Molecular dynamics simulations of deuterium bubble evolution in tungsten under neutron irradiation and non-irradiation conditions

Tungsten (W), the wall material in Tokamak fusion reactors, is subjected to irradiation from high-energy neutrons and high-flux deuterium (D) plasma. In particular, in the presence of deuterium bubbles, neutron irradiation can significantly exacerbate the deterioration of the mechanical properties of the material. However, few studies have focused on the effect of neutron irradiation on deuterium bubbles in tungsten, and the mechanism of deuterium bubble evolution under neutron irradiation remains unclear. In this study, we simulate the evolution of D bubbles using a molecular dynamics approach, revealing a complete evolutionary process: standing, expanding, and bursting. In addition, the results of primary knock-on atom (PKA) irradiation of D bubbles show that high-energy neutrons transfer energy to the D atoms inside the bubbles through collision cascades, leading to a surge in the total pressure inside the bubbles, which contributes to the evolution of the D bubbles. Temperature, D atom to vacancy ratio (D/V), and PKA energy determine the behavior of D bubbles in tungsten. The effects of these three variables on the evolution of D bubbles are summarized in detail by counting the states of the D bubbles and comparing the changes in pressure and volume inside the D bubbles under specific conditions.

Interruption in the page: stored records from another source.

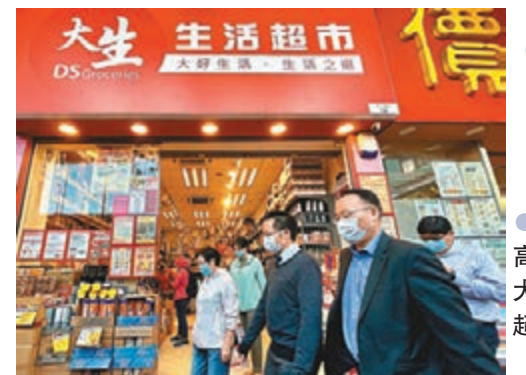
●銅鑼灣高士威道大生生活超市。中新社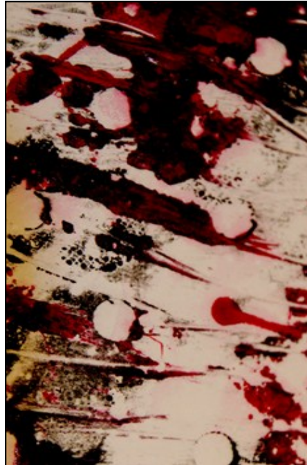
Detalle de un retazo

El tejer lo trabajo no sólo para unir, vincular, entrelazar esos retazos sino para seguir en conversación con esos miedos, su acción aparentemente inocente implica un proceso contemplativo, repetitivo, lento, que me ha llevado al ensimismamiento, a la observación, a la construcción de pensamiento y a resolver ideas. Las maneras de hilvanar son diversas y sobre la marcha las fibras naturales desaparecieron para decidir las uniones usando nylon, alambre e hilo grueso. La estructura es ligera, pero al mismo tiempo inquebrantable y se compone de retazos de mi.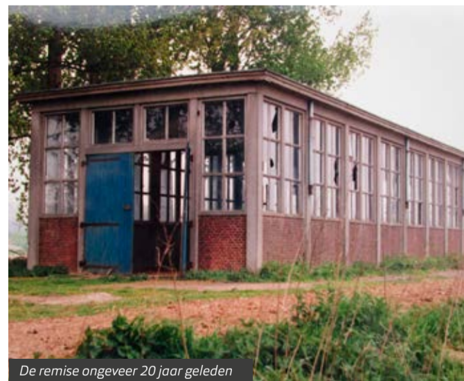
De remise ongeveer 20 jaar geleden

“Precies. Die kan het verhaal vertellen van de Rhedense baksteenindustrie. En daar zijn zoveel mooie verhalen over te vertellen. In Rheden was bijna iedereen hervormd, maar er was ook een Roomse gemeenschap. En de steenfabrieken waren ook van Roomse families die ook weer Roomse arbeiders in dienst namen. Daar ontstond toen een Roomse gemeenschap. Dat wist ik als kind en dat wilde ik graag ontrafelen. Die mensen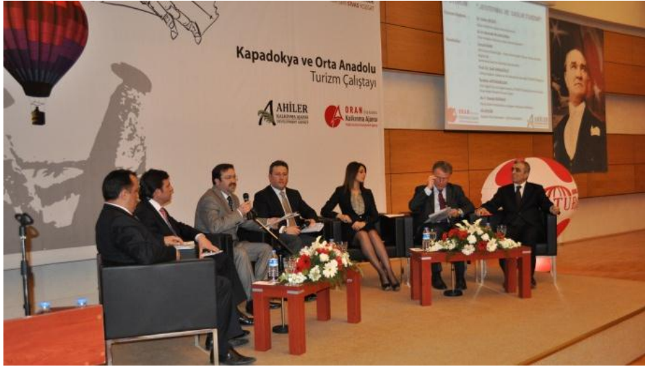
Resim 37 - Kapadokya ve Orta Anadolu Turizm Çalıştayı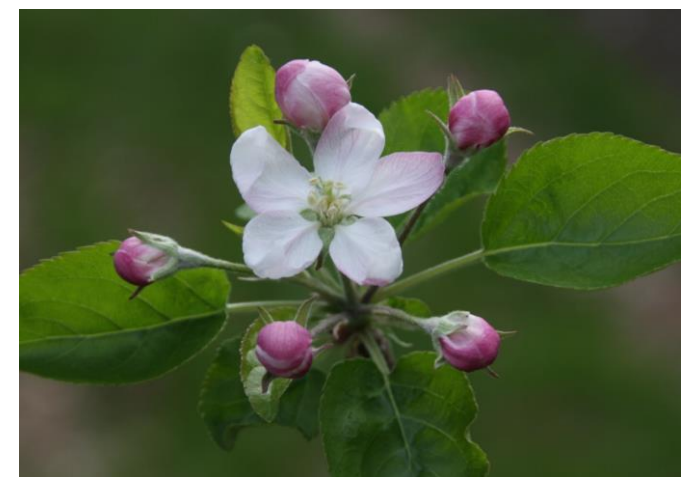
17.04.2020 a partire dalla piena fioritura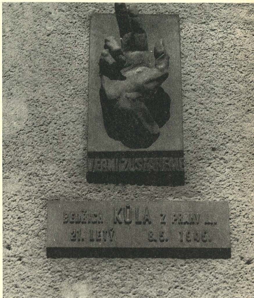
Jedna z pamětních desek padlým v Květnové revoluci

covní pomůckou pro odborné pracovníky na úseku památkové péče, pro funkcionáře strany a pracovníky obvodních národních výborů na úseku kultury a může pomoci při práci i pedagogům 3 .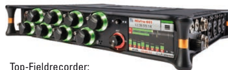
Top-Fieldrecorder: Sound Devices MixPre-10 T

We observed a modification process by neutron irradiation on a pure W surface with collision cascades generating Frenkel defect pairs within the W lattice. By analyzing the concentration changes, the evolution of Frenkel defects is divided into three stages: growth, elimination, and stabilization. The present work proposes a possible mechanism to explain the evolution of D bubbles stimulated by PKA cascades induced by neutron irradiation, providing an important theoretical guideline for the improvement and selection of optimal materials oriented towards the plasma wall.